Раздача тем временем продолжалась, и суффет находил способы устранить все препятствия. Греки попытались было возразить по поводу разницы в валюте, но он снабдил их такими объяснениями, что они безропотно удалились. Негры потребовали белые раковины, которые используются для торговли во внутренних районах Африки, но когда он предложил послать за ними в Карфаген, они приняли деньги, как и все остальные. Но балеарцам было обещано нечто лучшее, а именно женщины. Суффет ответил, что для них ожидается целый караван девушек, но поход будет долгим и займёт ещё по крайней мере шесть месяцев. Когда они станут жирными и хорошо натертыми Бенджамином, их следует отправить на кораблях в порты Балеарских островов. Внезапно Зархас, теперь уже красивый и сильный, как шутник, вскочил на плечи своим друзьям и закричал: «Вы оставили что-нибудь из них для трупов?» – спросил он, указывая при этом на ворота Хамон в Карфагене. Медные пластины, которыми он был увешан сверху донизу, сверкали в последних лучах Солнца, и варвары верили, что могут различить на нём кровавый след. Каждый раз, когда Гискон хотел что-то сказать, их крики возобновлялись. Наконец он спустился размеренными шагами и запёрся в своей палатке. Когда он покидал его на рассвете, его переводчики, которые обычно спали снаружи, не шевелились; они лежали на спине с закрытыми глазами, высунутыми языками и посиневшими лицами. Из их ноздрей текла белая слизь, а конечности были окоченевшими, как будто все они замерзли ночью на морозе. У каждого на шее была небольшая петля из тростника.
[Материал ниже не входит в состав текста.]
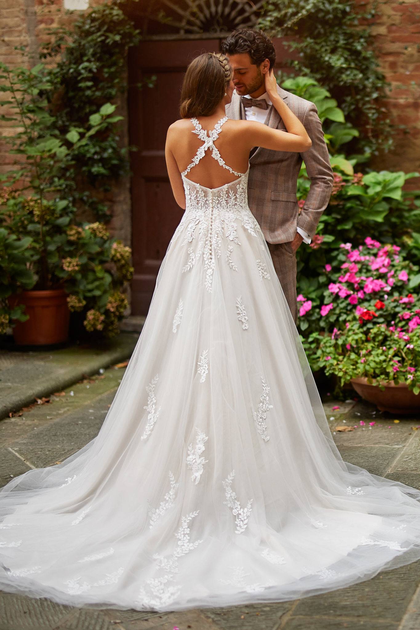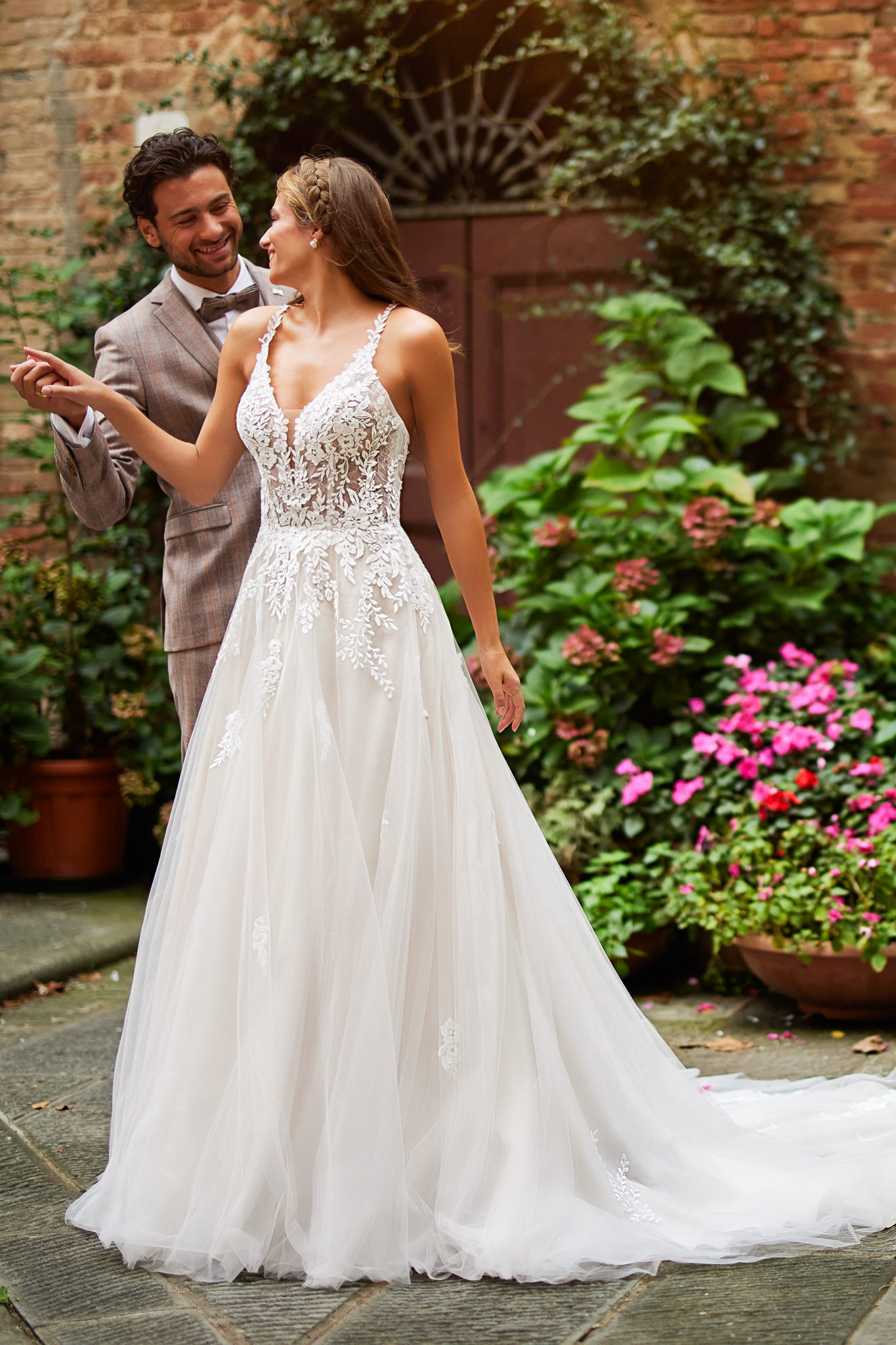 Romantisch und elegant ist dieses klassische Brautkleid im Stil A-Linie. Es besticht durch ein spektakulär tief V-förmig ausgeschnittenes Mieder mit zarten, zierlichen Trägern. Ein elegantes Kreuzmuster sorgt für einen dramatischen Akzent am Rücken. Eine zauberhafte, weich fließende Schleppe aus mehreren Lagen Tüll rundet den Look des Kleides wunderschön ab. Alle Materialdetails anzeigen

С этого времени восстание не прекращалось. Убийство балеарцев, о котором напомнил Зархас, укрепило недоверие, внушенное Спендием. Они вообразили, что Республика каждый раз пытается их обмануть. Этому нужно положить конец! Без переводчиков лучше обойтись! Зархас пел военные песни с перевязью на голове; Автарит размахивал своим огромным мечом; Спендий шептал что-то одному или давал кинжал другому. Самые смелые пытались заплатить сами, в то время как те, кто был менее рьяным, хотели, чтобы раздача продолжалась. Теперь уже никто не выпускал его из объятий, и всеобщий гнев вылился в бурную ненависть к Гиско. Некоторые встали рядом с ним. Пока они выкрикивали оскорбления, их терпеливо выслушивали; но если они пытались произнести хоть слово в его защиту, их немедленно забрасывали камнями или отрубали головы ударом сабли сзади. Груда рюкзаков была краснее алтаря. Они становились ужасны после еды и после того, как выпивали вино!
Это было развлечение, запрещенное в пунических армиях под страхом смертной казни, и они поднимали свои кубки в сторону Карфагена, насмехаясь над его дисциплиной. Затем они вернулись к рабам казначейства и снова начали убивать. Слово «забастовка», хотя и различалось в разных языках, было понятно всем. Гиско прекрасно понимал, что страна бросила его на произвол судьбы, но, несмотря на ее неблагодарность, он не хотел её позорить. Когда они напомнили ему, что им были обещаны корабли, он поклялся Молохом обеспечить их сам за свой счет и, сняв с себя ожерелье из голубых камней, бросил его в толпу в подтверждение своей клятвы. Затем африканцы заявили свои права на зерно в соответствии с обязательствами, заключенными Великим Советом. Гиско разложил отчеты о Сисситии, написанные фиолетовым пигментом на овечьих шкурах, и зачитал все, что поступало в Карфаген месяц за месяцем и день за днем. Внезапно он остановился, широко раскрыв глаза, как будто только что обнаружил среди письмен свой смертный приговор. Древние, по сути, обманным путем снизили их, и цена на зерно, продаваемое в самый тяжелый период войны, была настолько низкой, что, несмотря на слепоту, в это было невозможно поверить.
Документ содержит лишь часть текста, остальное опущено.